Consider also this quote from his site:

"I have heard some skeptics state that the engines force would have been dispersed mainly sideways, but if this is so, what actually held up the 2,300lbs of lunar lander when it was on its descent to the Lunar surface?"

This too appears to argue that the characteristics (or even the presence) of an underlying surface is a key factor in how much thrust a rocket develops. Now there is a sort of ground effect when one is very near the surface, but that's not the essential component of thrust. It's merely tacked onto the basic thrust developed through Newtonian conservation of momentum.

And plume dispersal does affect the amount of thrust developed, but not the dispersal that occurs when the plume encounters a surface some distance away. In convergent-divergent nozzle designs, the nozzle converts pressure to velocity. Ideally the path of all exhaust molecules at the exit plane will be collinear and parallel to the axis of thrust, and the pressure of the exhaust gas will be equal to the ambient outside pressure. But it's practically impossible to achieve the ideal nozzle design for a vacuum (exit plane pressure of zero), and there will always be some residual pressure at the exit plane that will cause the plume to disperse and "waste" some thrust nonpropulsively. And it's even more difficult to design the ideal nozzle for a variable-thrust engine.

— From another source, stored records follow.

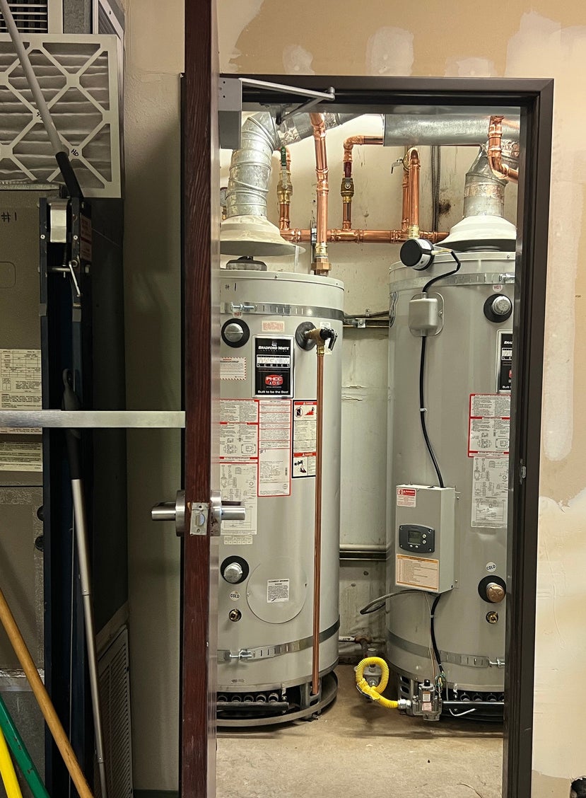 In the dual-fuel configuration, an electric heat pump, two tank gas water heaters, and a storage tank operate in tandem. While the system can run each fuel independently, it achieves the best results when configured to use both strategically.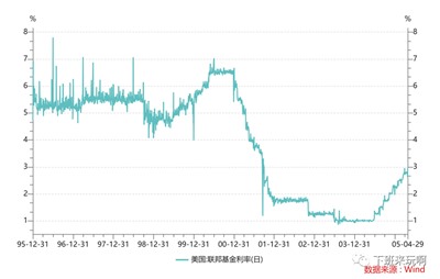 2000年,美国互联网泡沫破灭,经济受到巨大冲击。为了对冲经济下滑,美联储执行宽松货币政策,美元进入降息周期。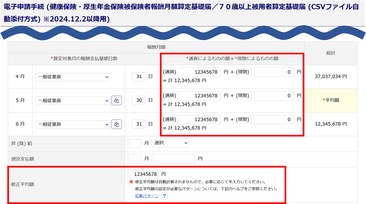 ただし、電子申請される際に、各月の通貨によるものの額、現物によるものの額、計、総計、平均額、修正平均額は、電子申請の仕様上の上限値「9,999,999」に自動的に置き換わって申請されます。
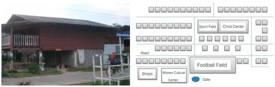 A similar pattern for houses in Bang Kaya was found in other projects, such as Rotary Pak Wip, Sutthachon, Rotary Lam Pee, Rotary Tub Pla, and Nam Sai (with a larger front porch and more space than the others). The pattern of the houses in Moolanithi Chaipaana–Kachad–Suppanimitre and Moolanithi Chaipattana–Kachad looked similar. The houses reconstructed in these projects had a larger living space than the others. However, the new pattern of two-story houses built in parallel lines (see Figure 9) was not familiar to nor did it fit with the lifestyle of Moklen Ban Thung Wah. The layout of the houses was not conducive for people to manage their usual cooking space and lifestyle and did not consider the natural environment for comfortable living. In addition, the arrangement of dwellings had blocked the wind flow in summer [30].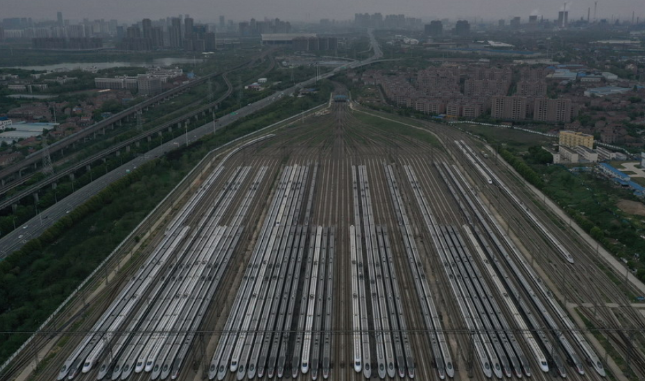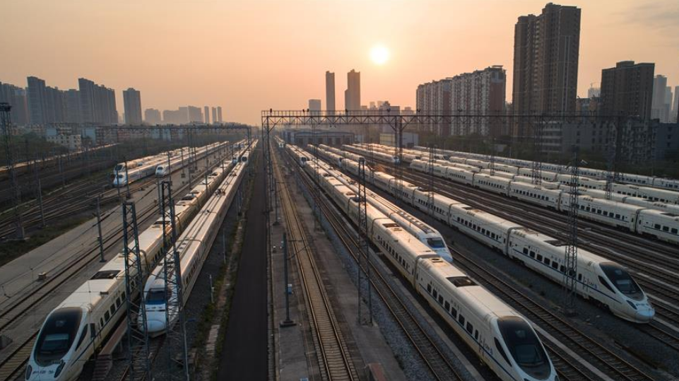 2020年4月6日,武漢動(dòng)車段高鐵動(dòng)車組整裝待發(fā)(無人機(jī)照片)。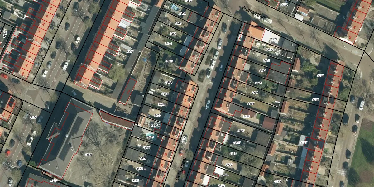Gebruik de zoekbalk of klik op een perceel voor informatie over de adressen binnen dit perceel.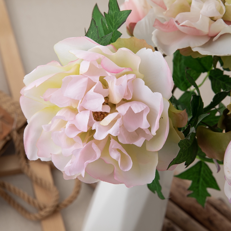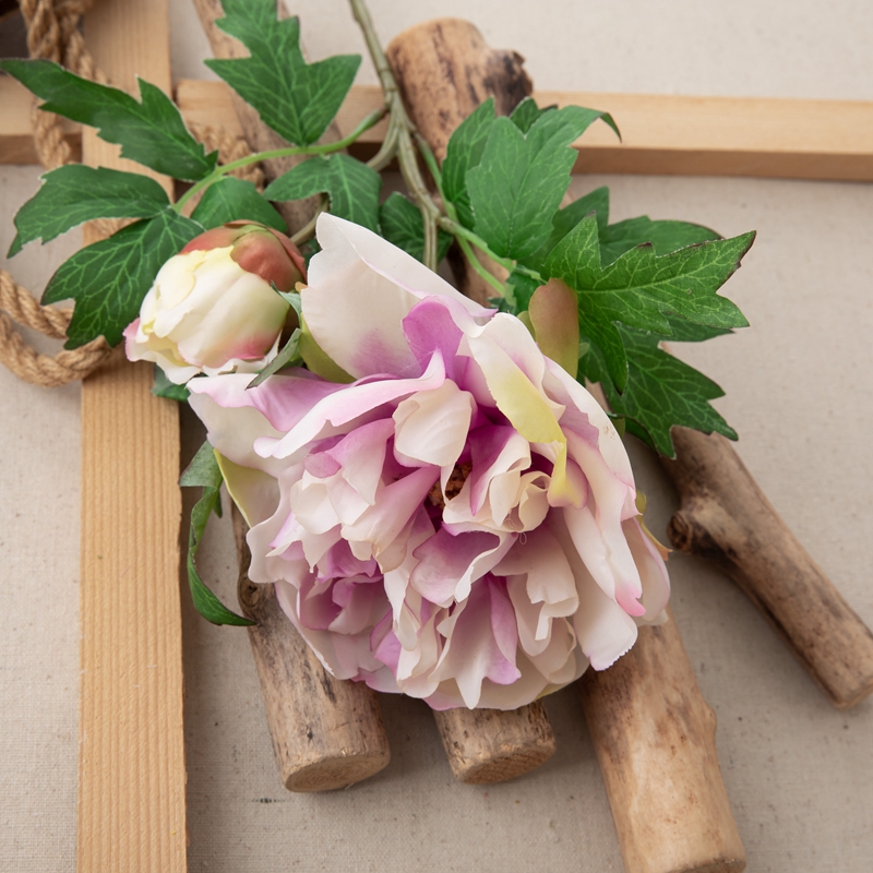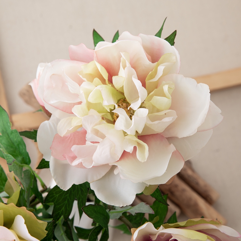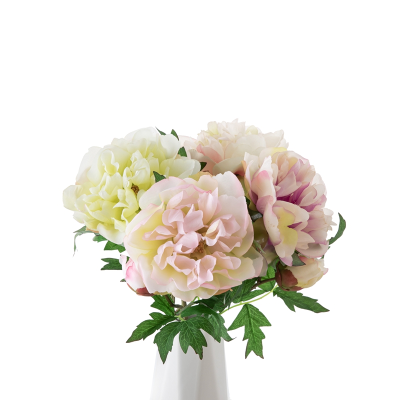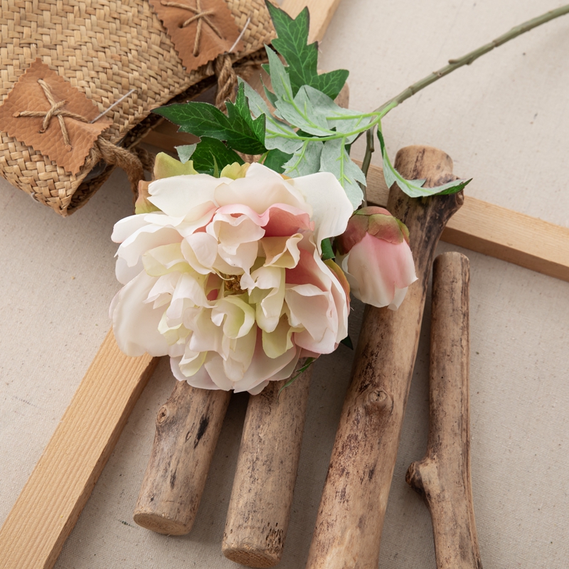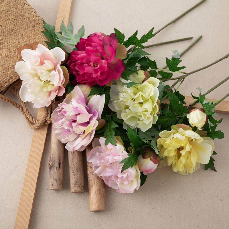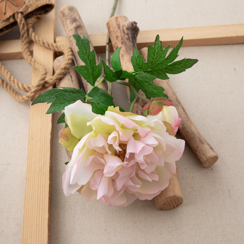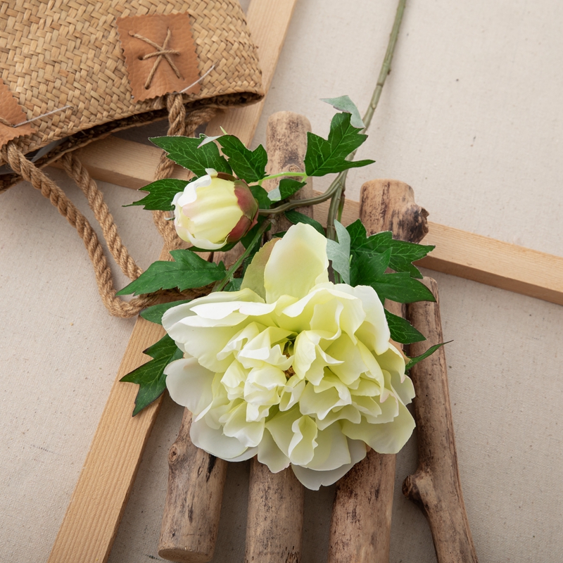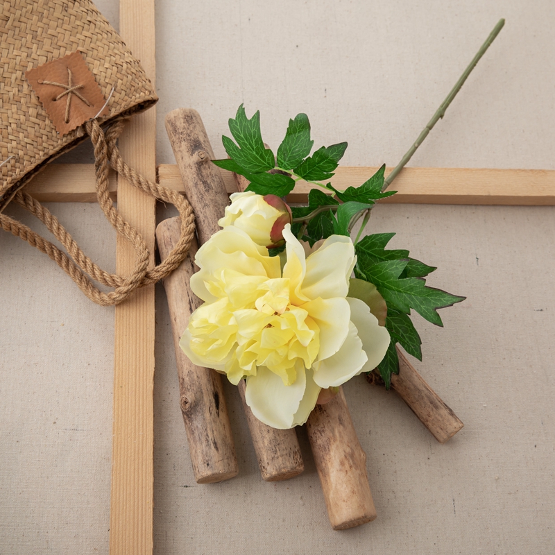 Our popular DY1-3096 single branch flower features a stunning peony flower head standing 5.5cm tall with a diameter of 13.5cm, complemented by a single peony flower bud with a diameter of 5.2cm, and several matching leaves. The overall height of the flower is 46cm, and it weighs only 22g.All of our products are certified by ISO9001 and BSCI for their quality and production standards.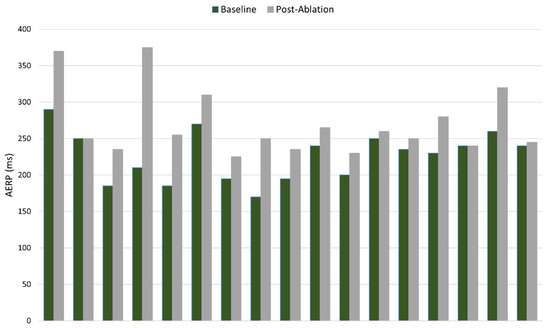 Paired baseline and post-ablation AERP values for patients in safety and feasibility study.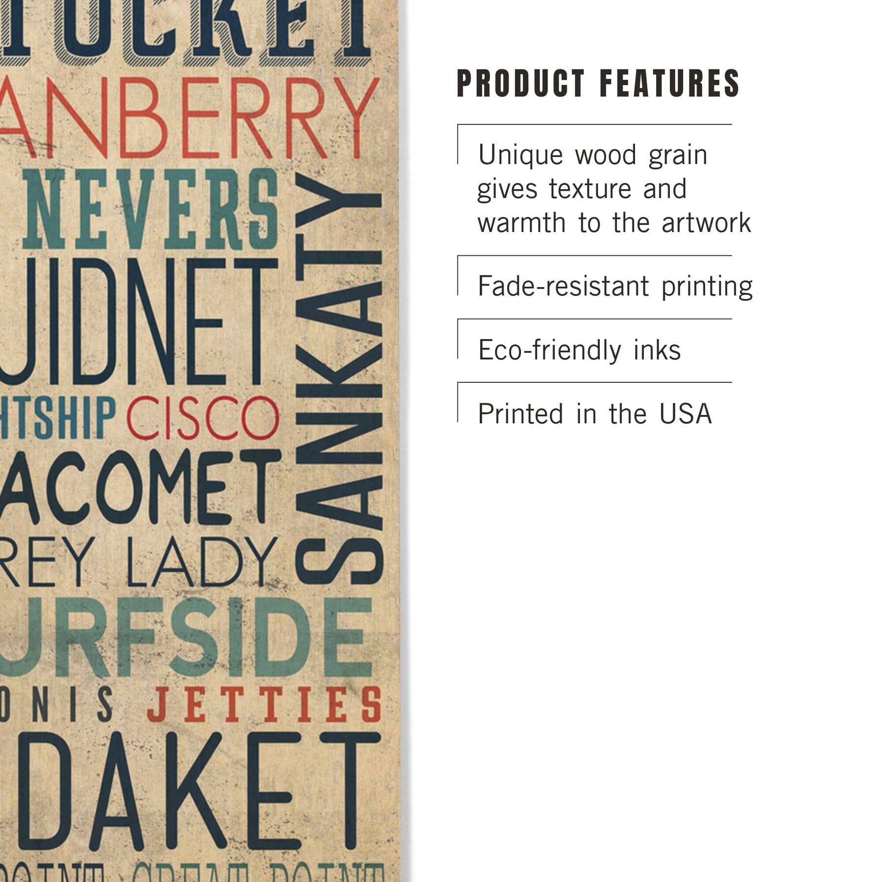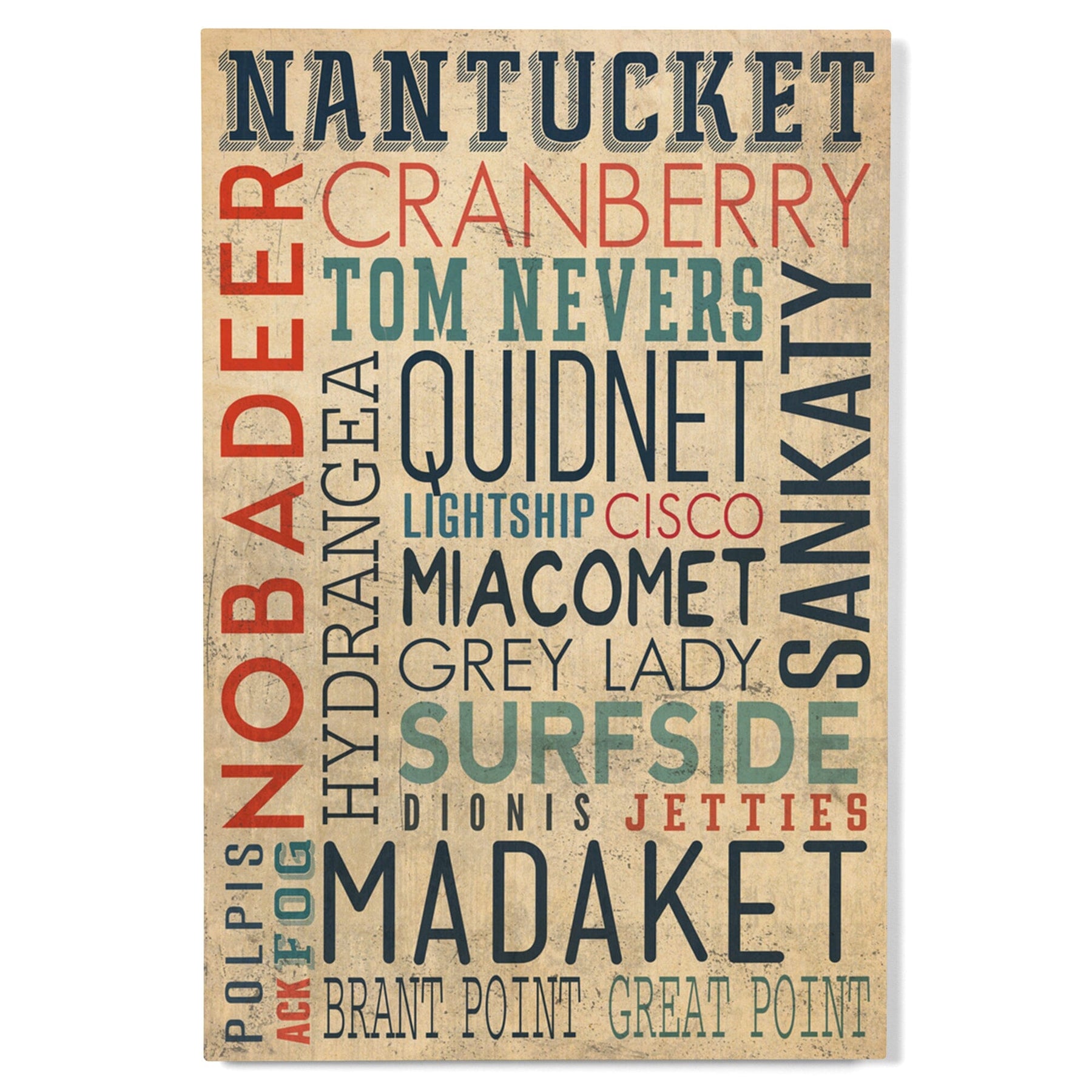 Nantucket, Massachusetts, Typography, Lantern Press Artwork, Wood Signs and Postcards Wood Lantern Press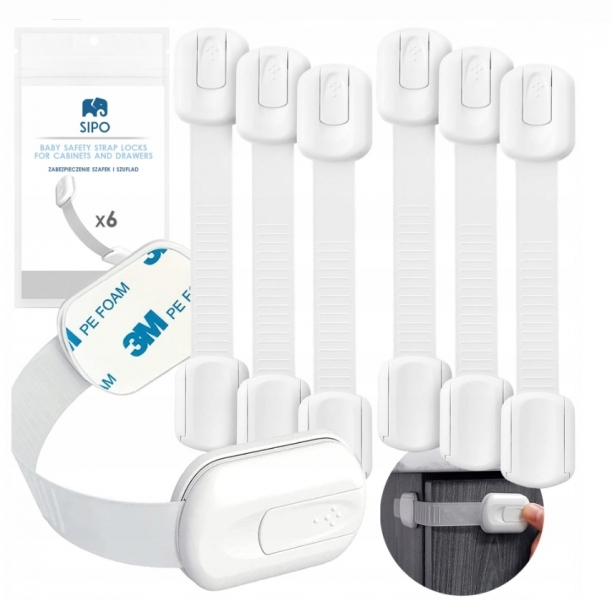 SIPO sada 6 kusů univerzálních bezpečnostních prvků pro skříně, zásuvky se snadnou funkcí zámku, která zajistí rychlý přístup dospělým ale ochrání před otevřením malými dětmi.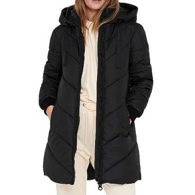 JDY Women's Skylar OTW Noos Padded Hood Jacket Quilted Coat, black, XL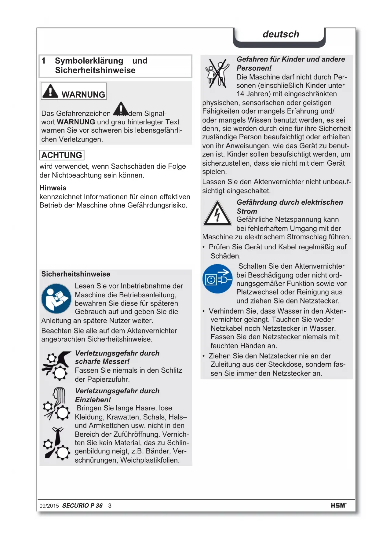 - türkçe: Evrak İmha Makinesi SECURIO P36 9/2015 SECURIO P 36 3 deutsch 1 Symbolerklärung und Sicherheitshinweise Sicherheitshinweise Lesen Sie vor Inbetriebnahme der Maschine die Betriebsanleitung, bewahren Sie diese für späteren Gebrauch auf und geben Sie die Anleitung an spätere Nutzer weiter. Beachten Sie alle auf dem Aktenvernichter angebrachten Sicherheitshinweise. Verletzungsgefahr durch scharfe Messer! Fassen Sie niemals in den Schlitz der Papierzufuhr. Verletzungsgefahr durch Einziehen! Bringen Sie lange Haare, lose Kleidung, Krawatten, Schals, Hals– und Armkettchen usw. nicht in den Bereich der Zuführöffnung. Vernich- ten Sie kein Material, das zu Schlin- genbildung neigt, z.B. Bänder, Ver- schnürungen, Weichplastikfolien. Hinweis kennzeichnet Informationen für einen effektiven Betrieb der Maschine ohne Gefährdungsrisiko. ACHTUNG wird verwendet, wenn Sachschäden die Folge der Nichtbeachtung sein können. WARNUNG Das Gefahrenzeichen mit dem Signal- wort WARNUNG und grau hinterlegter Text warnen Sie vor schweren bis lebensgefährli- chen Verletzungen. Gefahren für Kinder und andere Personen! Die Maschine darf nicht durch Per- sonen (einschließlich Kinder unter 14 Jahren) mit eingeschränkten physischen, sensorischen oder geistigen Fähigkeiten oder mangels Erfahrung und/ oder mangels Wissen benutzt werden, es sei denn, sie werden durch eine für ihre Sicherheit zuständige Person beaufsichtigt oder erhielten von ihr Anweisungen, wie das Gerät zu benut- zen ist. Kinder sollen beaufsichtigt werden, um sicherzustellen, dass sie nicht mit dem Gerät spielen. Lassen Sie den Aktenvernichter nicht unbeauf- sichtigt eingeschaltet. Gefährdung durch elektrischen Strom Gefährliche Netzspannung kann bei fehlerhaftem Umgang mit der Maschine zu elektrischem Stromschlag führen. p. 1710

But this doesn't appear to be what Mr. Cosnette is talking about. A common, though inaccurate, abstraction of the principle of propulsion is that the LM "balances" on a "column" of exhaust. Balance is indeed important; the thrust vector must point through the center of mass. And there is indeed a column of exhaust -- the more columnar the better. But this is not the same physical arrangement as a static load balanced on an actual solid column. The density of the exhaust plume is, in fact, almost entirely irrelevant to the amount of thrust that engine produces.

Apparently Mr. Cosnette's common sense has failed him again.